At a MINIMUM (if no easily visible status reporting can be implemented yet) the inadvertent activation of these features via key actions and resulting dialogs should be fortified by asking with a _second_ dialog "are you really sure you want this?".
And since these actively malicious settings carry on beyond single users (logging out will keep settings, dito with users which just walk over to some machine just to be puzzled why that machine's keyboard is acting up), it's all the more important to make sure there's a highly visible status reporting somewhere.



There are various existing bug reports about keyboard accessibility, too, e.g.
- " keyboard stops working in kde" https://bugs.kde.org/show_bug.cgi?id=171685
- "keyboard changing to unwanted behaviour randomly."
https://bugs.kde.org/show_bug.cgi?id=121012
- "Kaccessibility - Slow Keys actually makes keyboard unusable"
https://bugs.kde.org/show_bug.cgi?id=164570


I'd say KDE Accessibility isn't a feature, it's a misdesign, and should be treated as such.

https://wiki.ubuntu.com/X/Troubleshooting/HalBreaksKeyboardAndMouse might be useful, too (I'll add a hint about possible KDE Accessibility issues there, too).

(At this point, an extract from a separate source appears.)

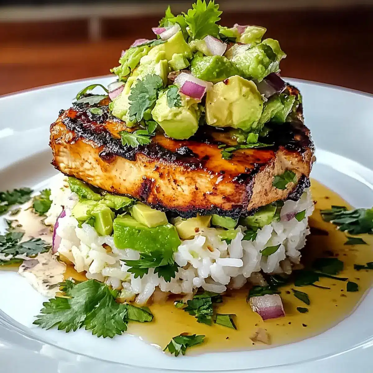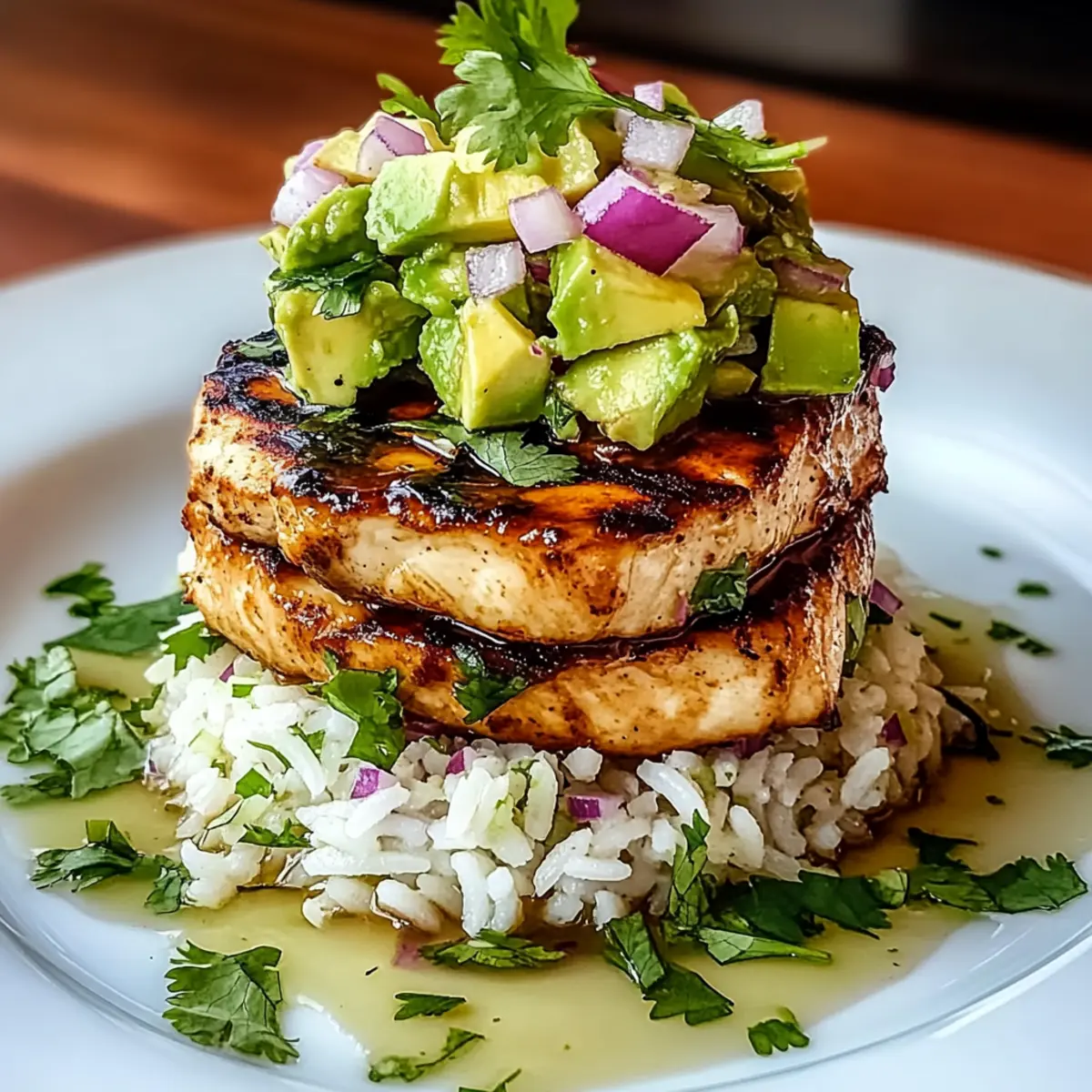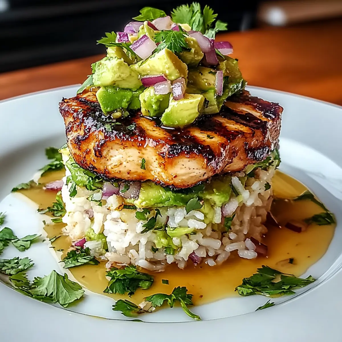 Savor the Bright Flavors of Honey Lime Chicken & Avocado Rice Stack

Ironically Windows has the very same issues (having global color accessibility setting activated causes cell background colors in Excel to get lost entirely, with no reason for this to be identified anywhere), but... I thought we were striving to be much better than Windows!? But after KDE 4.0 (Vista II) I've already made up my mind about this anyway. (ok, 4.2.4+ seems to be getting really good after all...).

Thank you for listening,

Andreas Mohr
Comment 1 Andreas Mohr 2009-07-26 15:21:48 UTC
Should perhaps be changed to
Product kcontrol, Component kcmaccessibility
, sorry.
Comment 2 Pino Toscano 2009-07-26 16:23:03 UTC
Next time, avoid this kind of ranting language and direct attacks, especially if you want people to listen to you.
Comment 3 Andrew Crouthamel 2018-11-02 23:04:10 UTC
Dear Bug Submitter,

This bug has been stagnant for a long time. Could you help us out and re-test if the bug is valid in the latest version? I am setting the status to NEEDSINFO pending your response, please change the Status back to REPORTED when you respond.

Thank you for helping us make KDE software even better for everyone!
Comment 4 Andrew Crouthamel 2018-11-16 05:36:03 UTC
Dear Bug Submitter,

This is a reminder that this bug has been stagnant for a long time. Could you help us out and re-test if the bug is valid in the latest version?

Thank you for helping us make KDE software even better for everyone!
Comment 5 András Manţia 2018-12-12 11:26:25 UTC
I will close this bug (will reopen if some good reason is provided). The default setting in Plasma 5.14+ at least is that activation gestures are disabled. This means the feature will get in anyone's way only if the user explicitly enables the accessibility gestures. Also in Plasma 5.14.80+ the accessibility event handling is fixed and the warning dialog is properly shown again.